Some people have very complex ones, some have very simple ones, or some of the
architectures are very complex ones, and some of the architectures are very simple
ones. You have floating point instructions,
adding floating point numbers, multiplying floating point numbers, subtracting
floating point numbers. These are actually compare operations, oh,
excuse me, this is a compare operation floating point numbers.
So, compare less than for doubles, or double precision floating point.
Here, we have conversion operations. So, it's conversion from a single
precision floating point number to an integer number, or integer word op,
number. So, this is a convert, this is a, this is
the MIPS instructions.
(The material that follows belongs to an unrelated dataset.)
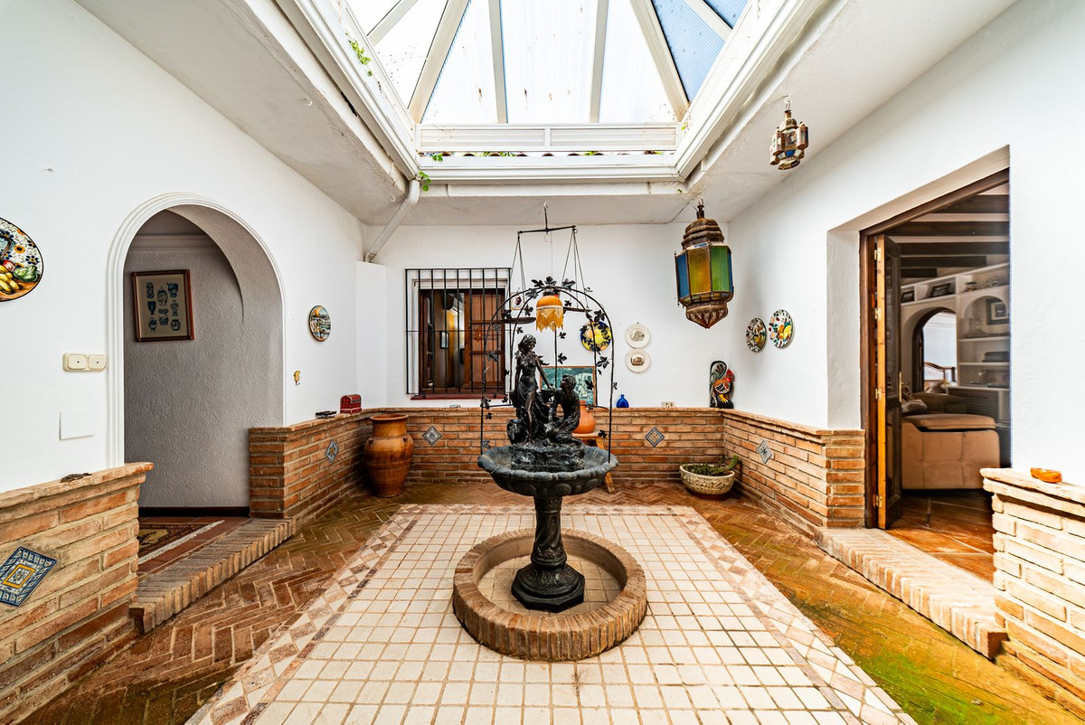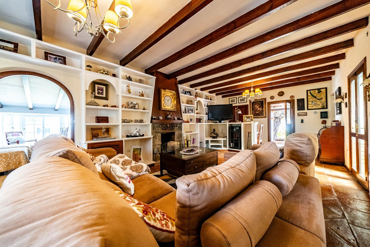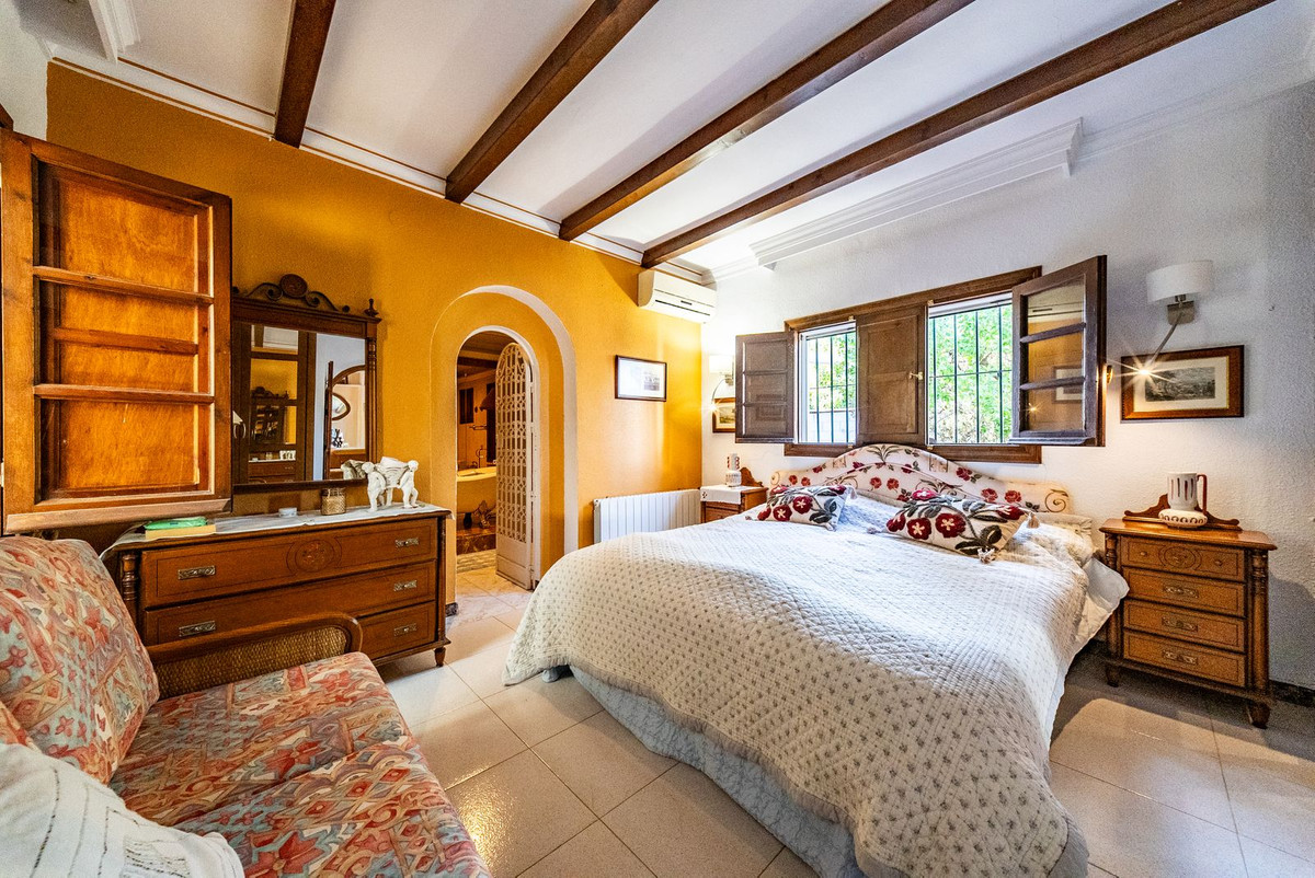 Hovedvillaen har plads til op til otte gæster fordelt på tre rummelige soveværelser med eget badeværelse. Interiøret er smagfuldt designet i en rustik-klassisk stil, der blander traditionel charme med luksuriøse detaljer. De elegante opholds- og spisestueområder har en stor pejs og store vinduer, der oversvømmer rummet med naturligt lys og indrammer smuk udsigt over haven. Et fuldt udstyret køkken åbner ud til en autentisk andalusisk gårdhave komplet med et dekorativt springvand, der tilbyder en rolig og stilfuld ramme for privat spisning eller stille refleksion.

You can have multimedia instructions, or
what's called single instruction multiple data.
And, we'll be talking about send the bunch in this course, later when we get to data
parallelism and vector units. And, this is actually an example out of
x86. I wanted to give of stranger operations
that sometimes show up as fundamental operations or fundamental instructions in
instructions set architectures, is, this is an example called REP MOVSB.
That's not two instructions, that's one instruction with a prefix and a space in
between it. Yup.
This is actually valid Intel assembly code.
And what is REP MOVSB? Well, REP MOVSB is a string operation
where it will actually copy one string into another string.
So, if you have some text and you want to copy to another text, piece of text, you
can do REP MOVSB and set up a number and it will actually copy.
This is the more equivalent of something like store and copy.
So, we can do that all in one instruction. So, in addition to these complex string
operations, things like REPS MOV, REP MOVSB, we can see, there were sort of old
jokes about having extra and extra instructions, and having really complex
instructions. So, for instance, in the VAX architecture,
they had instructions that could do very complex things.
I think there was one that even did a Fast Fourier transform in one instruction.
That's like a whole Fast Fourier transform or, across a huge data set in one
instruction. So, you can see that there's a lot of
choice between your classes of instructions and the ISA architecture, the
instructions that architecture, architect has to sit down and think about what
should be in an instruction set versus being left out of an instruction set.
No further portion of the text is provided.